Emir mengatakan ide awal jaminan sosial adalah penyatuan antara Jamsostek, Askes, Jasa Raharja, Taspen dan Asabri. Uang yang diiurkan peserta juga tidak akan hilang karena akan diberikan ketika peserta mencapai usia tertentu.
Menurut Emir, perubahan Askes menjadi BPJS Kesehatan dan Jamsostek menjadi BPJS Ketenagakerjaan juga seharusnya tidak mengubah hak-hak peserta yang sudah terdaftar sebelum transformasi menjadi BPJS.

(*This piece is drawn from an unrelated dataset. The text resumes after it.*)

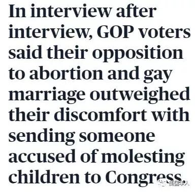 当然,这些各方声音都不如阿拉巴马的选民民意力量大。根据PBS的采访,当地的摩尔选民表示,支持堕胎权和同性合法婚姻的民主党,太左。他们认为摩尔的性丑闻属于"故事(stories)",他们选择相信摩尔本人。2016年大选,尽管被16位妇女指控性侵,川普仍然在阿拉巴马领先28%,多少说明阿州选民在这两方理念上权衡后的选择立场(点击链接)。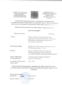 Жұмыс күнінің тәртібі: аптасына 5 күндік , жұмыс уақытының ұзақтығы-12 сағат, күнделікті жұмыс сағаты  7.00 -дан 19.00- ге дейін.

"Kalau diubah semua seperti ini, orang-orang yang dulu menjadi peserta Askes dan Jamsostek bisa kecewa karena merasa ada penurunan layanan," tuturnya.

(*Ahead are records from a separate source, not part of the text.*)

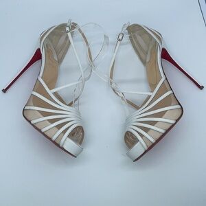 Christian Louboutin White leather Filamenta 120 Mesh Strappy heels peep toe 41.5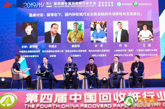 在结束了上午的论坛后的,进行了圆桌对话环节,由中国再生资源回收利用协会废纸分会秘书长唐艳菊主持。四川讯源纸业有限公司总经理李国友,常熟百纳再生资源有限公司董事长唐国明,亳州龙利再生资源回收有限公司董事长宋军,上海城投环境(集团)资源利用公司总经理邱铤,中国再生资源开发有限公司深圳分公司总经理王慧与参会代表一起,围绕“新常态下,国内回收纸行业发展面临的市场挑战和发展路径”这一话题展开了探讨。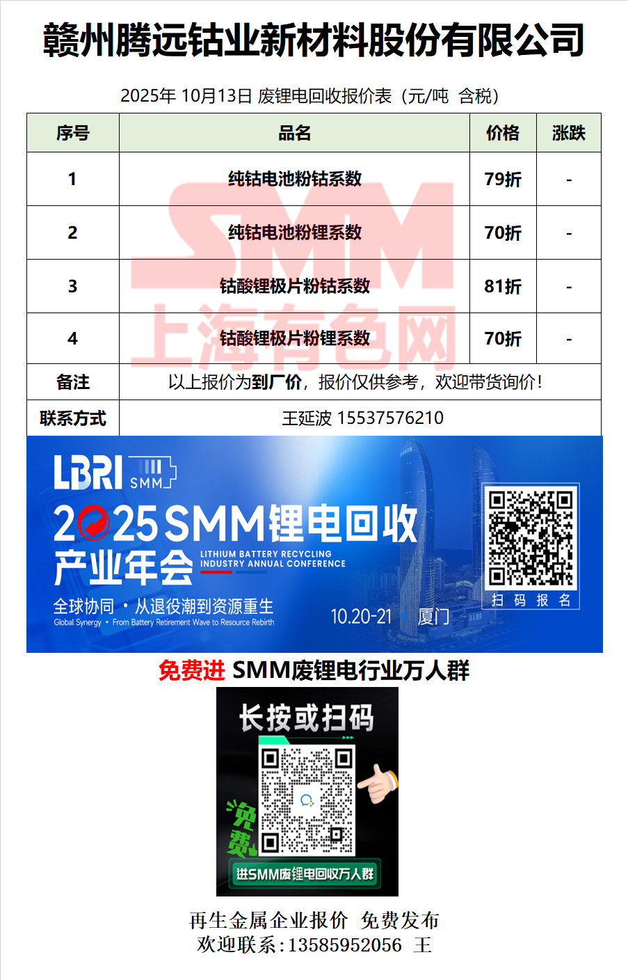 10月13日赣州腾远 废锂电采购报价

Emir mengatakan dia memiliki ide mengenai jaminan sosial berdasarkan pengalaman empirisnya saat menjadi dokter dan sempat berdinas di TNI Angkatan Laut setelah menempuh pendidikan di Sekolah Perwira Wajib Militer (Sepawamil) pada periode 1980-an.
Saat itu, dia yang bertugas di Rumah Sakil Angkatan Laut melihat tentara tidak perlu khawatir dengan diri dan keluarganya karena sudah ada jaminan kesehatan dari Asabri.
Semua tentara dan keluarganya, mulai dari tamtama hingga perwira, tidak perlu berpikir biaya kesehatan sama sekali.
"Jadi, mereka bisa bekerja optimal untuk negara. Tidak perlu lagi berpikir, nanti kalau saya dan keluarga sakit bagaimana. Semua sudah ada yang menanggung," katanya.
Namun, di sisi lain, istrinya yang bekerja di sebuah puskesmas menceritakan masih banyak orang, khususnya petani, yang kesulitan biaya saat sakit dan harus berobat.
"Karena itu, saya berpikir harus ada jaminan sosial yang bisa melindungi seluruh warga negara," ujarnya.